Students must make any permanent name or address change at the Registrar's Office in Cambridge or at the Director's Office at the Regional Centers. A change in name requires the appropriate legal document subject to the specific instance, such as a marriage certificate. An address change requires official proof such as a utility bill, rental lease, mortgage, or other appropriate documentation. These changes must be updated in Jenzabar before requesting the refund.

Red Flags
The following red flags are potential indicators of fraud. Any time a red flag, or a situation closely resembling a red flag is apparent, it will be investigated. No changes will be made to a student's permanent record until the potential fraud is resolved.
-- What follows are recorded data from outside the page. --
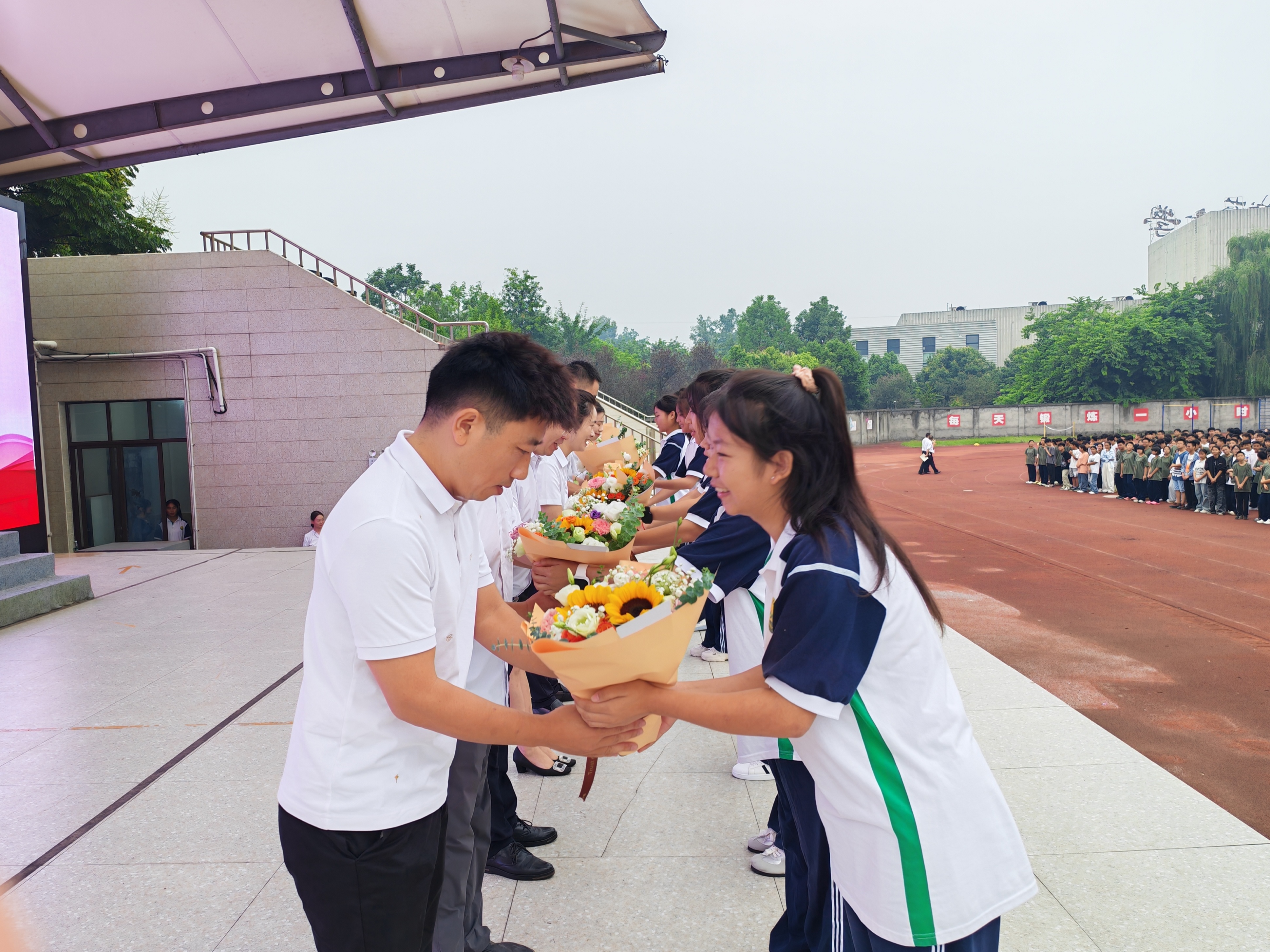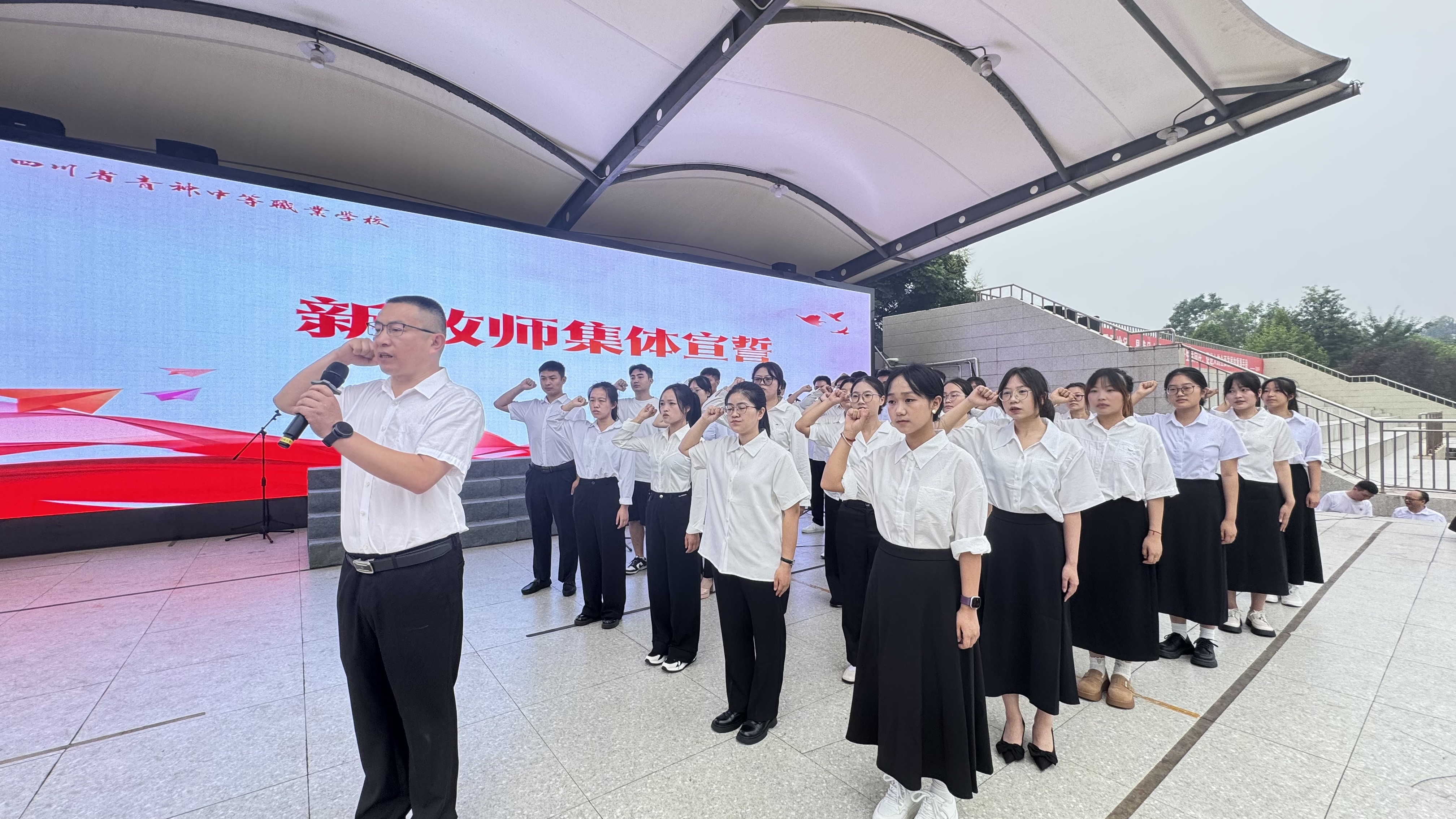 随后,2025年新入职教师在分管教学副校长邓光强的领誓下庄严宣誓,誓言响彻运动场,彰显着教师队伍的崭新活力与坚定信念。
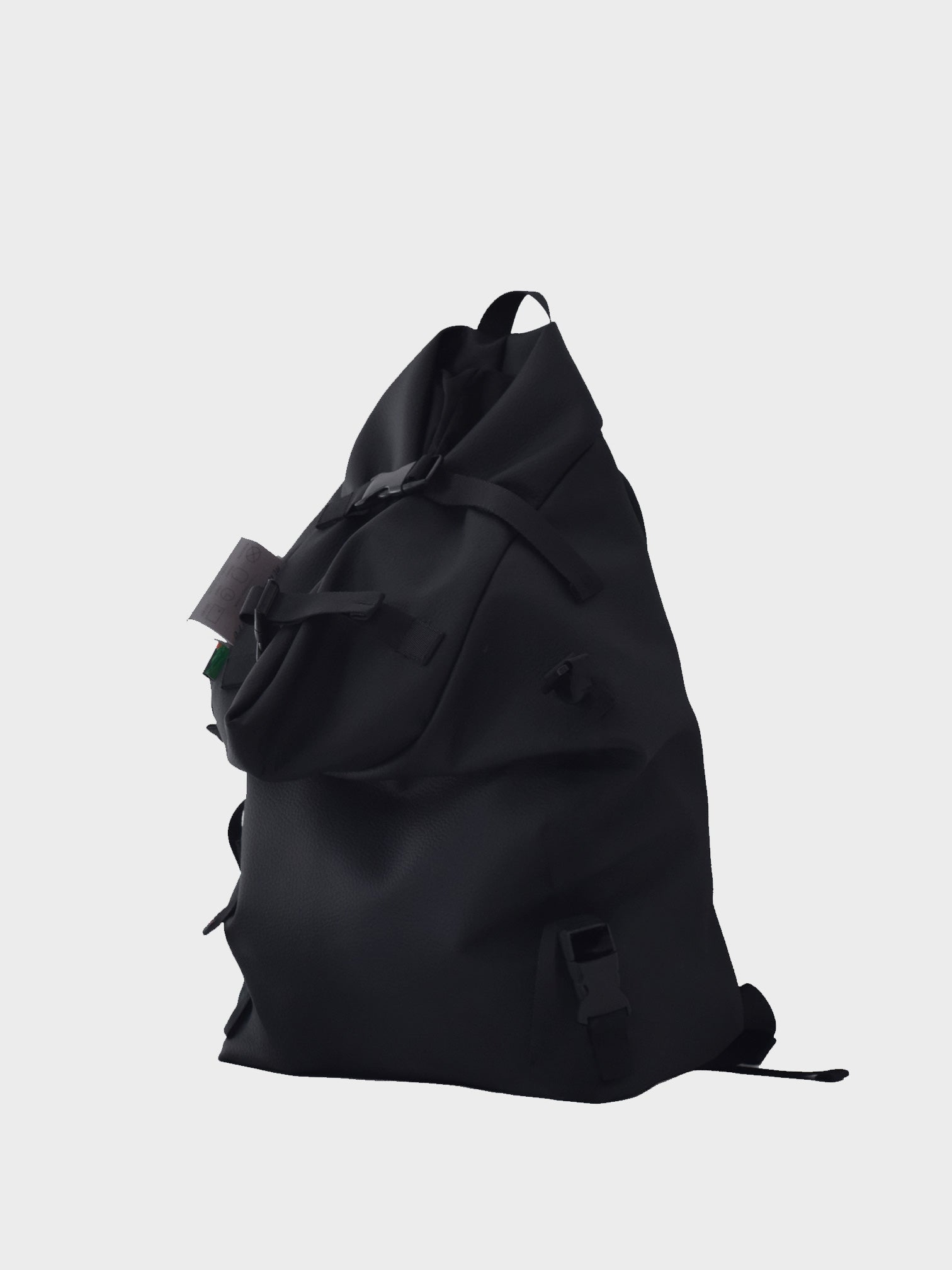 ピスネームにはmacromauroの代表作である、paintシリーズよりエナメルブラックレザーを使用。ブランドネームを見ずともどこのブランドかが一目でわかるよう、贅沢にも往年の名作生地を素材に用いています。またブランドタグに被せられるカバーは通常ホワイトクリアのPVC素材となりますが、このSUPER BLACKではブラッククリアのPVCが使われています。
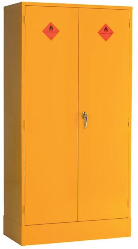 Manufactured in 20 gauge mild steel with welded seams, this cabinet is fitted with reinforced non-combustible doors, with high melting point hinges, and lockable 'L' handle with 2 point locking system. Two keys are supplied. It comes with 3 adjustable shelves which act as a spillage tray for minor spills and are adjustable in 25mm increments. There is an internal spillage sump built into the base of the unit which is not removable. The cabinet is finished in yellow polyester powder coat with warning labels on the doors. Other sizes are available online.

1. Documents provided for identification appear to have been altered or forged;

2. The photograph or physical description on the identification is not consistent with the appearance of the student presenting the identification;

3. A request made from a non-College issued e-mail account;

4. A request to mail something to an address not listed on file; and

5. Notice from customers, victims of identity theft, law enforcement authorities, or other persons regarding possible identity theft in connection with covered accounts.

Response to Red Flags

The program provides appropriate responses to detect red flags to prevent and mitigate identity theft. The appropriate responses to the relevant red flags are as follows:

1. Deny access to the covered account until other information is available to eliminate the Red Flag;

2. Contact the student or employee;

3. Change any passwords, security codes or other security devices that permit access to a covered account,

4. Notify law enforcement; or

5. Determine no response is warranted under the particular circumstances.

Oversight of the Program

Responsibility for developing, implementing and updating this Program resides with the College's Controller. The Controller is responsible for program administration, ensuring appropriate training of the College's staff on the Program, reviewing any staff reports regarding the detection of red flags on the identified covered accounts and the steps for preventing and mitigating Identity theft, determining which steps of prevention and mitigation should be taken in particular circumstances and considering periodic changes to the Program.

Updating the Program

This Program will be periodically reviewed and updated to reflect changes in risks to students and the soundness of the College from identity theft related to the noted covered accounts. At least once per fiscal year, the Controller will consider the College's experiences with identity theft, changes in identity theft methods, changes in identity theft detection and prevention methods, changes in types of accounts the College maintains and changes in the College's business arrangements with other entities, as they relate to this program. After considering these factors in consultation with the Vice President for Finance and Administration, the Controller will determine whether changes to the Program, including the listing of red flags, are warranted. If warranted, the Program will be updated.

Staff Training

College staff responsible for implementing the Program shall be trained either by or under the direction of the Comptroller in the detection of red flags, and the responsive steps to be taken when a Red Flag is detected.

 

Individual Responsible for Revision and Implementation: Vice President for Finance and Administration and the Cambridge College Controller.